# Firli Ilhami

## Hybrid Filtering Algorithm
## Objective
Hybrid filtering is combination of Collaborative and Content Based Filtering Algorithm. This algorithm has 2 types :
* Collaborative + Content Based
* Content Based + Collaborative

The difference is about order of algorithm.
### Note : I recommend to read content based and collaborative filtering algorithm first
Because in this case (Hybrid Filtering), i will modify some function and don't give full explanation about the function.
You can see full explanation on other code (Collaborative and Content Based Filtering Algorithm)

## Import library and dataset

In [4]:
from recommendation_data import dataset
from math import sqrt
import pandas as pd
import numpy as np

In [5]:
import matplotlib.pyplot as plt
import seaborn as sns
%matplotlib inline

In [6]:
from sklearn.feature_extraction.text import TfidfVectorizer
from sklearn.metrics.pairwise import linear_kernel

## Dataset
In this case, we will use 2 datasets, the first one is dataset about Films and their Description. The description is consist of 4 word:
1. First word  : Director
2. Second word : Actress
3. Third word  : Genre
4. Last word   : Country

In [7]:
df=pd.read_csv('dataset1.csv',delimiter=';')
df.head()

Unnamed: 0,Film,Description
0,Ada Apa dengan Cinta 2,Budi Tom Romance ID
1,Aladdin,Budi Cruise Romance US
2,Avengers: End Game,Andi Michael Action US
3,Bumi Manusia,Charles Tom Drama ID
4,Captain Marvel,Andi Cruise Action US


The second dataset is rating viewer about films. There are 10 films :

1. Ada Apa Dengan Cinta 2
2. Aladdin
3. Avenger: End Game
4. Bumi Manusia
5. Captain Marvel
6. Dilam 1991
7. Dua Garis Biru
8. Gundala
9. Spiderman: Far From Home
10. The Lion King

The rating score is from 1 to 5. If viewers give 0 score, it means they haven't watched that film and there are 24 respondens.

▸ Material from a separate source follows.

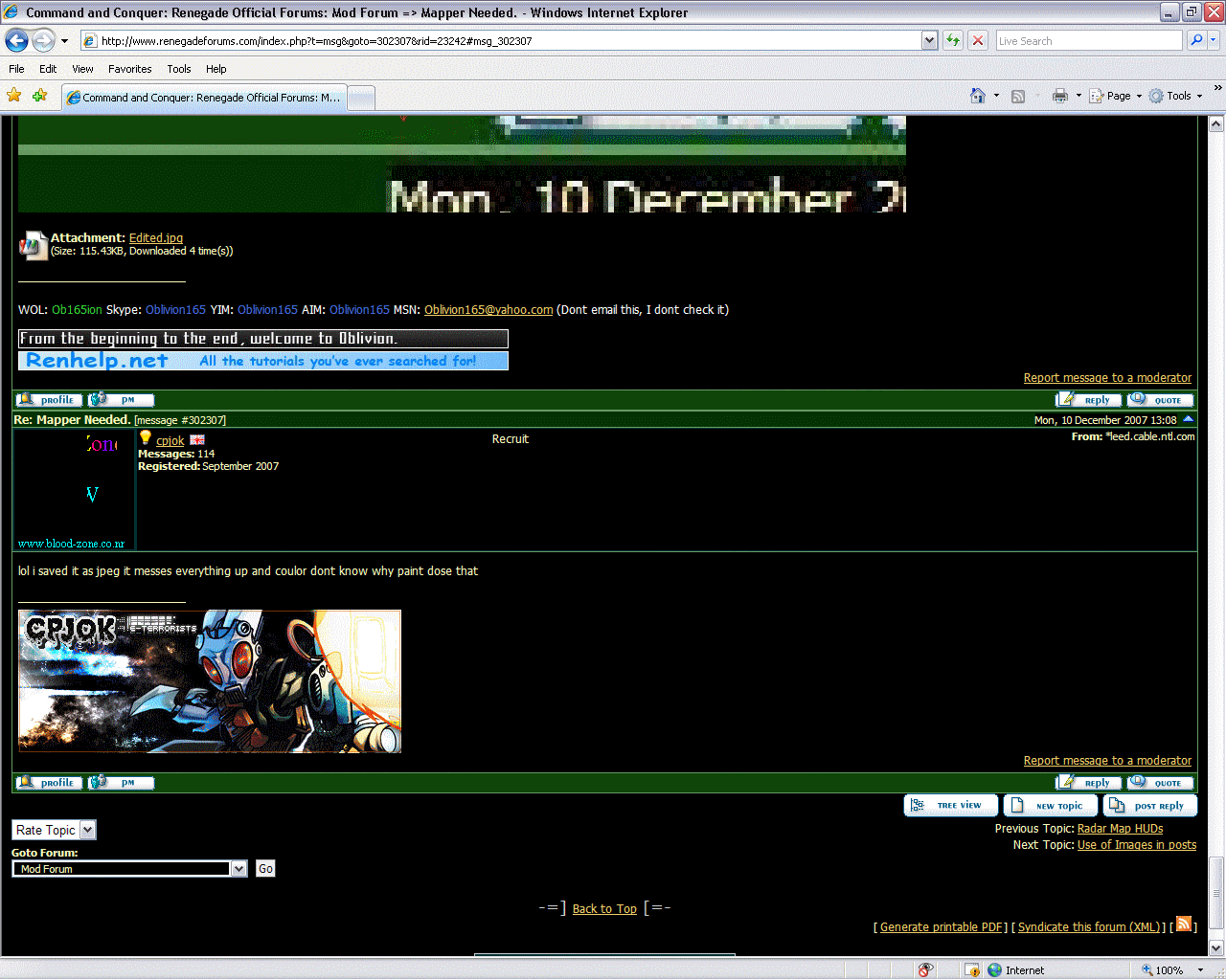 WOL: Ob165ion Skype: Oblivion165 Yahoo Instant Messenger: CaptainJohn165

Our dataset is not dataframe, so i will make a dataframe to make it easier to see the data.

In [8]:
df1=pd.DataFrame(dataset)
df1.head()

Unnamed: 0,ANI,AhokTemanFirli,Damar Teman Firli,Dpv,Febi ganteng gak ada obat,Genjeh,Hania,Indra 1991 SM,Indra Junior,Jawaharal,...,Putrisqiana,Rima,Romantika,Star,Topik Zulkarnain,bunga,faizah,franadek,jul,luck
Ada Apa dengan Cinta 2,4,0,5,5,4,5,3,0,4,2,...,4,5,5,4,0,0,3,4,0,3
Aladdin,4,0,0,0,5,5,0,0,5,5,...,0,5,0,5,0,5,0,5,3,0
Avengers: End Game,0,3,5,5,5,5,0,0,5,5,...,5,5,0,5,5,5,5,5,3,4
Bumi Manusia,5,0,0,0,0,0,4,0,0,0,...,4,4,0,0,0,0,5,5,0,0
Captain Marvel,4,4,0,5,4,4,0,0,5,4,...,3,5,0,5,2,5,0,4,3,2


## Hybrid_Filtering Function (Content Based + Collaborative)
In this Hybrid Filltering method, <b>i will use content based algorithm first </b> and then collaborative filtering.
So content based algorithm will give the recommendation film is based on film which viewer has watched before and then the collaborative filtering algorithm will give us the recommendation film based on other viewer's rating but the recommendation films have been filtered by content based algorithm.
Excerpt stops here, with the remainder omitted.